## WORK TO BE COMPLETED
The lines to be extracted run from the start of the listing through the line containing "U akciji su"; copy them exactly and nothing else.

## MATERIAL PROVIDED
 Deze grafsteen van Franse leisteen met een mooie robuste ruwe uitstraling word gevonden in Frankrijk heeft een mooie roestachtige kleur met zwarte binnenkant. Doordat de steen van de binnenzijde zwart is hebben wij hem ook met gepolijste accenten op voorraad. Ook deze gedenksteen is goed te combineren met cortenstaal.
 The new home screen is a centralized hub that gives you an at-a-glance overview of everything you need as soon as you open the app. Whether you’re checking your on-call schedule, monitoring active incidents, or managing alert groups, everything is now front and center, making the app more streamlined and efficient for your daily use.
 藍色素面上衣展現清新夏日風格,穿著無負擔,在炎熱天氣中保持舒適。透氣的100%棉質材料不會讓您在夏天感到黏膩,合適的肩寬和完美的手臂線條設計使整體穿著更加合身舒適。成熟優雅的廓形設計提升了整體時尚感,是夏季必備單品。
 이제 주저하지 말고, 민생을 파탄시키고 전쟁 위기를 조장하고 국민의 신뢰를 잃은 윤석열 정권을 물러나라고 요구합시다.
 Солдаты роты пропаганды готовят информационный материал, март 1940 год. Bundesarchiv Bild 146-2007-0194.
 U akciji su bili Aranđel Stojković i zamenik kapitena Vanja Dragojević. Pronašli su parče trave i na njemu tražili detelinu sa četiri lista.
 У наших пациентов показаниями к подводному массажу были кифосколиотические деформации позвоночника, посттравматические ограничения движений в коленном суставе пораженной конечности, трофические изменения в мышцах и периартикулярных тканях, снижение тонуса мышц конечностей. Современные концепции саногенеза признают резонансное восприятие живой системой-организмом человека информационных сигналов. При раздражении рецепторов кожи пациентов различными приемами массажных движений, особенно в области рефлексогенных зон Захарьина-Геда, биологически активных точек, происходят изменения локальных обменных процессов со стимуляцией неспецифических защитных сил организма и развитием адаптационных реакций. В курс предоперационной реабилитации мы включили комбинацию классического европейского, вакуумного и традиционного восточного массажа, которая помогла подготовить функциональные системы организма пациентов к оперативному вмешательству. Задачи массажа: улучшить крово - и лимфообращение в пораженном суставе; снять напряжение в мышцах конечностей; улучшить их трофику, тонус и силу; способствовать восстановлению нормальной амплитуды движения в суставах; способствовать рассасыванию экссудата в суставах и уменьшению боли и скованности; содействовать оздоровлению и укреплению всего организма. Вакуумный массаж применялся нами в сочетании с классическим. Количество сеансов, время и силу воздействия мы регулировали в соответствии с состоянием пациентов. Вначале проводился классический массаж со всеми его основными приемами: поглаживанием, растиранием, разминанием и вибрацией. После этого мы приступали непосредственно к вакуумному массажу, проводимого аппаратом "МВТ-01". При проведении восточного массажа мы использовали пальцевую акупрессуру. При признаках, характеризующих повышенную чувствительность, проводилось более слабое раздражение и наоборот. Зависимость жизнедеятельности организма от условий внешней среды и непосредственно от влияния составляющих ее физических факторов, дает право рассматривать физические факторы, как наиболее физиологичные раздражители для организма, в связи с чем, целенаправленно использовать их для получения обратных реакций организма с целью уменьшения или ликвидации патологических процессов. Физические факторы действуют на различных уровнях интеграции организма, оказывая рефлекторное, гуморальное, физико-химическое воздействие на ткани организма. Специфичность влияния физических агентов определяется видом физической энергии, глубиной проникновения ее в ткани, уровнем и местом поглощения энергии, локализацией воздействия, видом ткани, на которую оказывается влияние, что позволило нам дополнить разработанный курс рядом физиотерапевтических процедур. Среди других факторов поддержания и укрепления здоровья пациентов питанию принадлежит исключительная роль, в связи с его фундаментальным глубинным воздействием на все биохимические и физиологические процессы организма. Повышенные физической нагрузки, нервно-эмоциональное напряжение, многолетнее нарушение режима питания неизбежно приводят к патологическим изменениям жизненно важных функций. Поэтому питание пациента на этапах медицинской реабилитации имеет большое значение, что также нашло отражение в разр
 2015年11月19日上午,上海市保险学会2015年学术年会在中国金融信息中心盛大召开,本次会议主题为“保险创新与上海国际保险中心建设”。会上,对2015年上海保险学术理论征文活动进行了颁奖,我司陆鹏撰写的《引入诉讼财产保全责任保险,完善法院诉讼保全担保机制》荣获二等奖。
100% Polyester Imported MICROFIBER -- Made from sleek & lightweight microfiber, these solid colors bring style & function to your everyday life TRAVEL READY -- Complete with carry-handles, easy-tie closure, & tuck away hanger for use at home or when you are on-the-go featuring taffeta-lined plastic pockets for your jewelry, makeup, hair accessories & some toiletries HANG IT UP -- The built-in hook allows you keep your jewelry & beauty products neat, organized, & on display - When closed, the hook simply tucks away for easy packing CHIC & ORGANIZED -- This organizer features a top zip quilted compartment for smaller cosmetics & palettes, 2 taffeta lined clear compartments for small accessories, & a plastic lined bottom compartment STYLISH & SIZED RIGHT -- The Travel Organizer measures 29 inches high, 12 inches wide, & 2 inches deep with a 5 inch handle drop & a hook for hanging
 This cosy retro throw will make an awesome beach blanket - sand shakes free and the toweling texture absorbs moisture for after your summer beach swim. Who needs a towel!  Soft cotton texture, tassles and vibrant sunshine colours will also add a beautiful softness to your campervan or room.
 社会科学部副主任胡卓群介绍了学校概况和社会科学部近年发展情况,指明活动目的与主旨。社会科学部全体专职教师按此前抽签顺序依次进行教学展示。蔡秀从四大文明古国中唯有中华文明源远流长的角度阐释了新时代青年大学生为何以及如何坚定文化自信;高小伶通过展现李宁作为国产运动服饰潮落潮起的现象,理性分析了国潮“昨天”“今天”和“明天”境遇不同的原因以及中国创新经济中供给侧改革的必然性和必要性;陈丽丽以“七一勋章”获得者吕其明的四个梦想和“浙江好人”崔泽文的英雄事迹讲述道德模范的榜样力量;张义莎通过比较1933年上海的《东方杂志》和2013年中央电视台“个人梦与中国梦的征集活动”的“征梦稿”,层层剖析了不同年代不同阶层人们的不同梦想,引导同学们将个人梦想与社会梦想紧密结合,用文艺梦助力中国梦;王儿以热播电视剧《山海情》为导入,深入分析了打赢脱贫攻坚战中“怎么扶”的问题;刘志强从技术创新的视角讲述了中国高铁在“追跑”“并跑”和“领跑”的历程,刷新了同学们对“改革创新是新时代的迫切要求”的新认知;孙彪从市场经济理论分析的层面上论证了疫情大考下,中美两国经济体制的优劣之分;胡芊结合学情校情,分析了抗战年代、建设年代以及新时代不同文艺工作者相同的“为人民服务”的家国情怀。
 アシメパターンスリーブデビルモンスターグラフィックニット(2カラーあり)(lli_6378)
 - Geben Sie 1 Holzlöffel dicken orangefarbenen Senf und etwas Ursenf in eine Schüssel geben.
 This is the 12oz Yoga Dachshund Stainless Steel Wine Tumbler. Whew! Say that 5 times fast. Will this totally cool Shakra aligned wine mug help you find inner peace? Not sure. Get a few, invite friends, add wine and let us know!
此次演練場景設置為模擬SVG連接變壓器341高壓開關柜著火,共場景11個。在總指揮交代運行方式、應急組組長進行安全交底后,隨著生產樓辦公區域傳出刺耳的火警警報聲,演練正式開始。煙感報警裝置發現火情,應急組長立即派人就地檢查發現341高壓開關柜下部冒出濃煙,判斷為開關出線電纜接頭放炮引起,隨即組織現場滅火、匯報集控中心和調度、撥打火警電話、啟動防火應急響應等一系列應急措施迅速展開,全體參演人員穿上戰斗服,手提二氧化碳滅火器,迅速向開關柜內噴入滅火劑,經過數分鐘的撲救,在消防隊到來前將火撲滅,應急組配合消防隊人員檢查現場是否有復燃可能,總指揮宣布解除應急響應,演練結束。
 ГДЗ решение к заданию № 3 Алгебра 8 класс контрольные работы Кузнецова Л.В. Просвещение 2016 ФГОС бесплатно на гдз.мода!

## TASK RESULT
 Deze grafsteen van Franse leisteen met een mooie robuste ruwe uitstraling word gevonden in Frankrijk heeft een mooie roestachtige kleur met zwarte binnenkant. Doordat de steen van de binnenzijde zwart is hebben wij hem ook met gepolijste accenten op voorraad. Ook deze gedenksteen is goed te combineren met cortenstaal.
 The new home screen is a centralized hub that gives you an at-a-glance overview of everything you need as soon as you open the app. Whether you’re checking your on-call schedule, monitoring active incidents, or managing alert groups, everything is now front and center, making the app more streamlined and efficient for your daily use.
 藍色素面上衣展現清新夏日風格,穿著無負擔,在炎熱天氣中保持舒適。透氣的100%棉質材料不會讓您在夏天感到黏膩,合適的肩寬和完美的手臂線條設計使整體穿著更加合身舒適。成熟優雅的廓形設計提升了整體時尚感,是夏季必備單品。
 이제 주저하지 말고, 민생을 파탄시키고 전쟁 위기를 조장하고 국민의 신뢰를 잃은 윤석열 정권을 물러나라고 요구합시다.
 Солдаты роты пропаганды готовят информационный материал, март 1940 год. Bundesarchiv Bild 146-2007-0194.
 U akciji su bili Aranđel Stojković i zamenik kapitena Vanja Dragojević. Pronašli su parče trave i na njemu tražili detelinu sa četiri lista.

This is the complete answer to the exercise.